By signing this agreement, the Buyer agrees to be represented by Brian Bell, license number 366717, of BellStreet Business Consultants. The Buyer agrees to make best efforts to ensure that the broker's commission will be paid by the Seller unless otherwise agreed upon in writing.
Duties Owed by a Georgia Real Estate Licensee
This form sets forth the duties owed by a Georgia real estate licensee but does not by itself constitute a contract for services or a direct agreement to pay compensation to the broker.
In Georgia, a real estate licensee is required to provide a form setting forth the duties owed by the licensee to: a) Each party for whom the licensee is acting as an agent in the real estate transaction, and b) Each unrepresented party to the real estate transaction, if any.
Licensee: The licensee in the real estate transaction is: Brian Bell whose license number is: 366717.
The licensee is acting for: who is/are the Buyer/Tenant.
The Broker is Brian Bell whose company is BellStreet Business Consultants.
Are there additional licensees involved in this transaction: No (if yes, Supplemental form 525A is required.)
A Georgia real estate licensee shall:
Not deal with any party to a real estate transaction in a manner which is deceitful, fraudulent, or dishonest.

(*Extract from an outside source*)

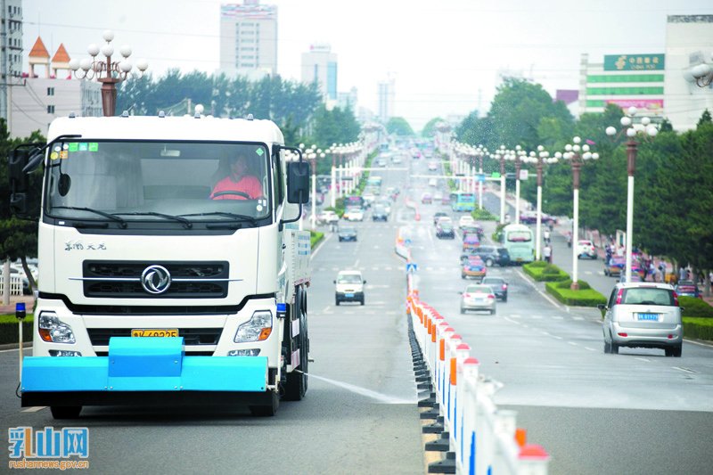 昨日,一辆高压清洗车在胜利街洒水作业。炎炎夏日,市环卫处使用高压洒水车每日对市区干道进行轮流喷洒,在清洁路面的同时,还可起到显著的降温作用。(记者 辛戈 摄)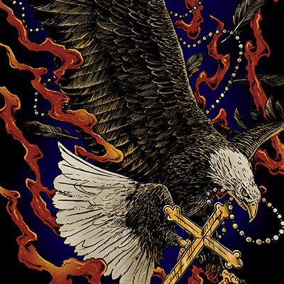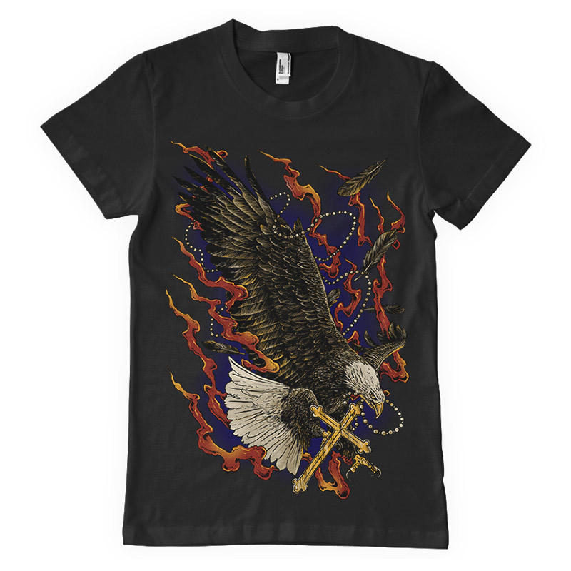 "Eagle Cross" T-shirt Design featuring a eagle and a cross. Design available in PSD format and can be used for digital printing and screen printing. The file will be available for , Adobe Photoshop.

Exercise reasonable skill and care with respect to all parties to the real estate transaction.
Disclose to each party to the real estate transaction as soon as practicable:
Any material and relevant facts, data, or information which the licensee knows, or with reasonable care and diligence the licensee should know, about the property.

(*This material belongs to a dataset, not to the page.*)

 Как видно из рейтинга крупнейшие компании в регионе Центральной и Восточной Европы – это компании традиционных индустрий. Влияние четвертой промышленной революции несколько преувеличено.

Each source from which the licensee will receive compensation.
Abide by all other duties, responsibilities, and obligations required of the licensee by law or regulations.
Licensee’s Duties Owed to the Client:
A Georgia real estate licensee shall:
Exercise reasonable skill and care to carry out the terms of the brokerage agreement and the licensee’s duties in the brokerage agreement;
Not disclose, except to the licensee’s broker, confidential information relating to a client for 1 year after the revocation or termination of the brokerage agreement unless the licensee is required to do so by court order or the client gives written permission;
Seek a sale, purchase, option, rental, or lease of real property at the price and terms stated in the brokerage agreement or at a price acceptable to the client;
Present all offers made to or by the client as soon as practicable, unless the client chooses to waive the duty of the licensee to present all offers and signs a waiver of the duty on a form prescribed by the Division;
Disclose to the client material facts of which the licensee has knowledge concerning the real estate transaction;
Advise the client to obtain advice from an expert relating to matters that are beyond the expertise of the licensee; and
Account to the client for all money and property the licensee receives in which the client may have an interest.
I/We acknowledge receipt of a copy of this list of licensee duties, and have read and understand this disclosure.